• WORK REQUEST
Send back the data below exactly. Drop every picture.

• RECORDED INFORMATION
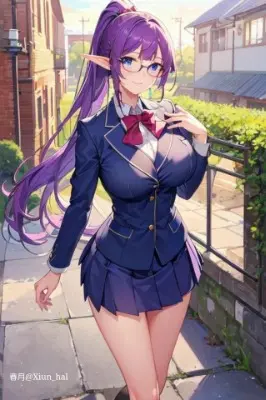 masterpiece, best quality, ultra-detailed, kawaii, cute, lovely, anime style, upper body, city, town, sweets, (cream puff), eat, a pretty woman, elf, solo, school uniform, beautiful purple hair, beautiful blue eyes, beautiful eyes, long hair, large breast, glasses, light smile
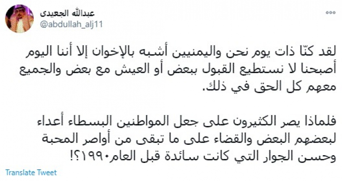 وقال في تغريدة عبر "تويتر" رصدها "المشهد العربي": "لقد كنّا ذات يوم نحن واليمنيين أشبه بالإخوان إلا أننا اليوم أصبحنا لا نستطيع القبول ببعض أو العيش مع بعض والجميع معهم كل الحق في ذلك".
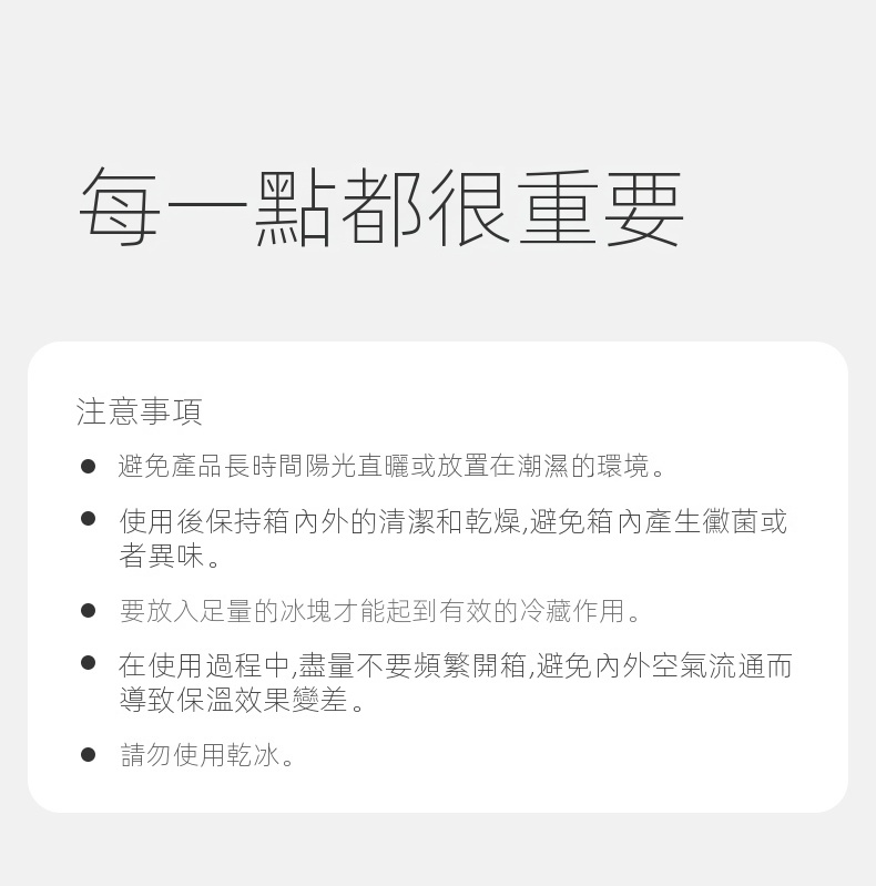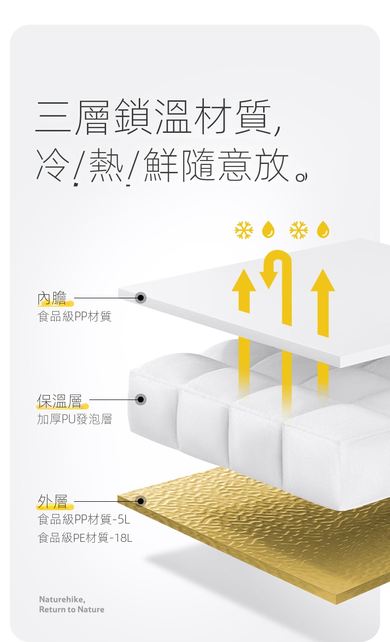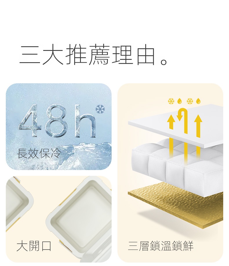 • 三層鎖溫材質,內膽採用食品級PP材質,保溫層為加厚PU發泡層,外層為食品級PP材質

• OUTPUT FOR THIS EXERCISE
 masterpiece, best quality, ultra-detailed, kawaii, cute, lovely, anime style, upper body, city, town, sweets, (cream puff), eat, a pretty woman, elf, solo, school uniform, beautiful purple hair, beautiful blue eyes, beautiful eyes, long hair, large breast, glasses, light smile
 وقال في تغريدة عبر "تويتر" رصدها "المشهد العربي": "لقد كنّا ذات يوم نحن واليمنيين أشبه بالإخوان إلا أننا اليوم أصبحنا لا نستطيع القبول ببعض أو العيش مع بعض والجميع معهم كل الحق في ذلك".
 • 三層鎖溫材質,內膽採用食品級PP材質,保溫層為加厚PU發泡層,外層為食品級PP材質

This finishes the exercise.